--- Recorded data ---
.....

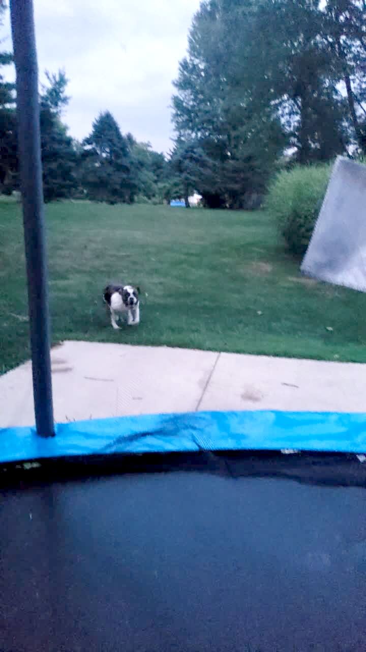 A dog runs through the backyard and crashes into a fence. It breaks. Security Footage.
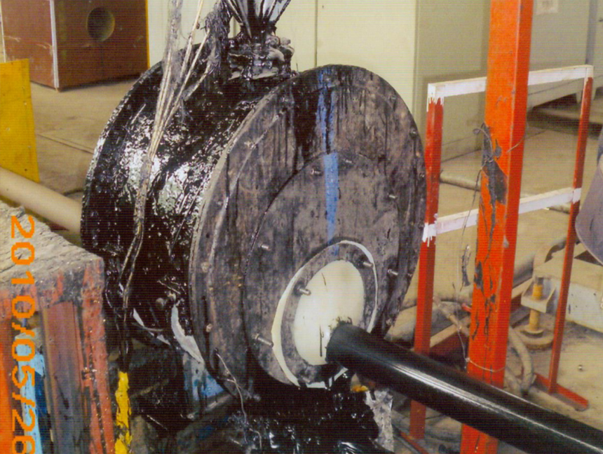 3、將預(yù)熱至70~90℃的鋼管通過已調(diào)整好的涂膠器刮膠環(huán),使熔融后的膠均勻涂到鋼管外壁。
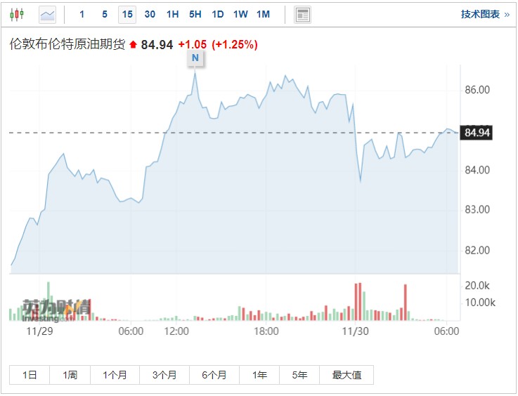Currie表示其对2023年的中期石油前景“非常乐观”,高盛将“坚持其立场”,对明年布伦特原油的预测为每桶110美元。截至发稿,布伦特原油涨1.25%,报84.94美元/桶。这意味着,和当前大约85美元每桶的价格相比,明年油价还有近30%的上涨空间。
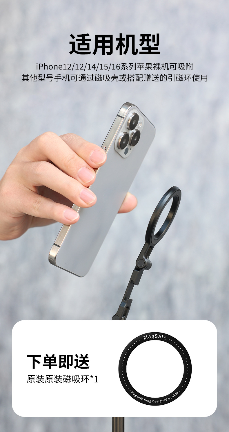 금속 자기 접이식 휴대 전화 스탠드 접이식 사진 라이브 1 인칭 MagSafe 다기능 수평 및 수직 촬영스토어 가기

.....

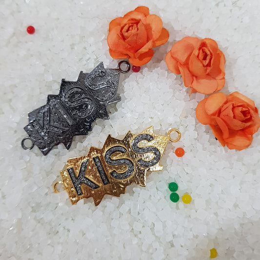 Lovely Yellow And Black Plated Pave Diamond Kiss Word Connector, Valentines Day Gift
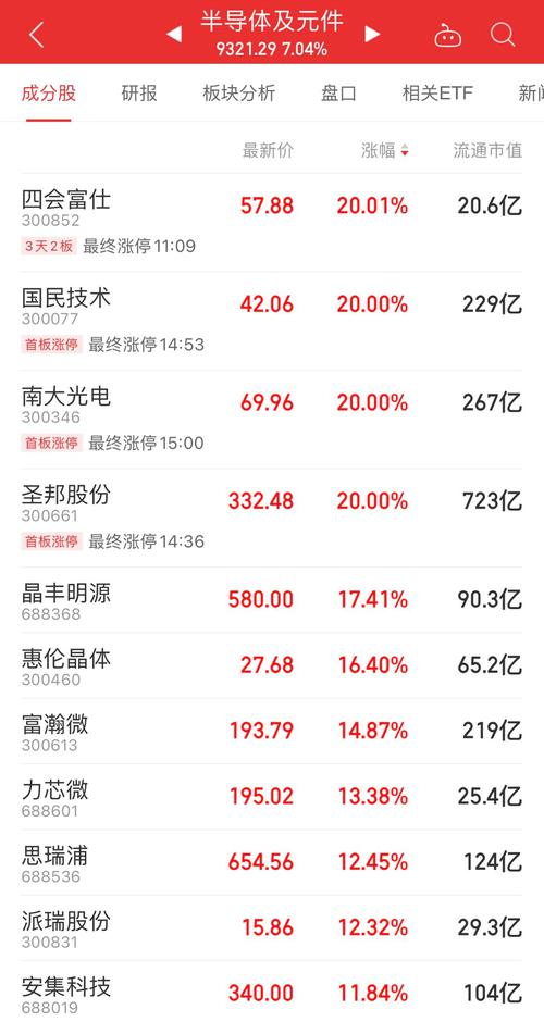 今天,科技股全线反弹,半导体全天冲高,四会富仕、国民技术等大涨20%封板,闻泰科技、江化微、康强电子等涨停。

.....

--- Description of the task ---
Only one stretch of the entries above is needed: the lines from the one containing "3、將預(yù)熱至70~9" through the one containing "금속 자기 접이식 휴대". Copy it exactly, without the pictures.

--- Result ---
 3、將預(yù)熱至70~90℃的鋼管通過已調(diào)整好的涂膠器刮膠環(huán),使熔融后的膠均勻涂到鋼管外壁。
Currie表示其对2023年的中期石油前景“非常乐观”,高盛将“坚持其立场”,对明年布伦特原油的预测为每桶110美元。截至发稿,布伦特原油涨1.25%,报84.94美元/桶。这意味着,和当前大约85美元每桶的价格相比,明年油价还有近30%的上涨空间。
 금속 자기 접이식 휴대 전화 스탠드 접이식 사진 라이브 1 인칭 MagSafe 다기능 수평 및 수직 촬영스토어 가기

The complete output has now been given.